Written by Sarah Murphy, TE Instructional Coach
Four months ago, I signed up to participate in the Houston Avon Walk for Breast Cancer. I signed up to raise funds to support an end to a devastating disease as well as walk a total of 39.3 miles in 2 days. Taking on this challenge was exciting! In my head, it was also incredibly manageable. I mean, it’s walking…something that I do each day. Still, I recognized that I would be walking a marathon in one day, a feat which, legend has it, killed the first person on record to do so. Similar to a first year teacher’s journey, I made sure to think about the required training. This feat was going to require a lot of grit and endurance…but I knew the hard work would bring great rewards. Thus, I made sure to think about the required training in order to make those supporting me-financially and emotionally 🙂 -proud the day of the walk!
As soon as the confirmation email popped up in my inbox, indicating that I had indeed committed to this walk and raising these funds, I downloaded the training materials provided by the Avon Walk for Breast Cancer. Best. Decision. Ever. The training schedule provided suggestions for daily walks and workouts as well as distances for each week. I was not a strict devotee to the regimen provided. When it came to walking during the week, I was lucky if I got in one walk on a weekday. However, the weekends were a time, from January to April, when my boyfriend and I would set out into the city of Houston and walk. Another… Best. Decision. Ever. Preparing to walk the walk through these multi-mile journeys made me aware of the aches that sprang up, the fatigue which set in, and the amount of time needed to successfully complete particular distances. I was ready. I thought.

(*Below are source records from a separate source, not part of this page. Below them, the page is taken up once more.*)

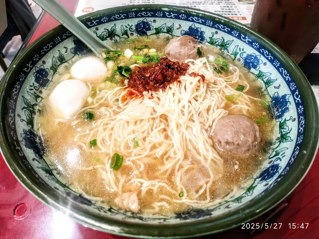 下午茶餐~雙丸(魚蛋、牛丸)幼麵加辣椒油跟凍鴛鴦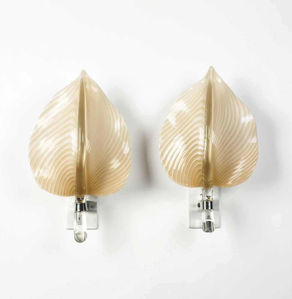 Murano leaf sconces, pair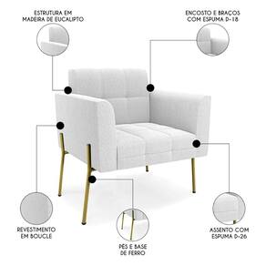Se você quer um Kit Poltrona que combine com a sua Sala De Estar, recepção ou seu quarto, que ofereça conforto e qualidade? Então você vai adorar a Poltrona Para Sala Pé Metal Dourado Kit 2 Ana Bouclé Off White, da Ibiza!

The day of the walk arrived. The training, walking in a multitude of temperatures and terrains, had led to this moment, huddled excitedly before dawn with hundreds of other walkers in Stude Park. Videos of those impacted by breast cancer and their inspirational and heartbreaking stories set the tone for the day and energized us as we prepared to walk. And walk we did. Pink-swathed walkers wound their way through the streets of Houston, trekking 26.2 miles on Saturday and 13.1 miles on Sunday. During the many of hours of walking, I had ample time to enjoy the glorious, breezy weather, soak in the joy, smiles, and goodies from cheer stations and passing cars, and think. I thought of the end of the walk and the excitement it would bring. I thought of the current pain and frustration experienced by my feet. I thought of how grateful I was to have trained, how grateful I was for beautiful weather, and how grateful I was for rest stations with clean restrooms, hand sanitizer, and snacksJ All of the training I had received had prepared me for this task, and I still could not have anticipated how rewarding, exhausting, mentally and physically draining, and demanding it would be. And I loved every minute of it.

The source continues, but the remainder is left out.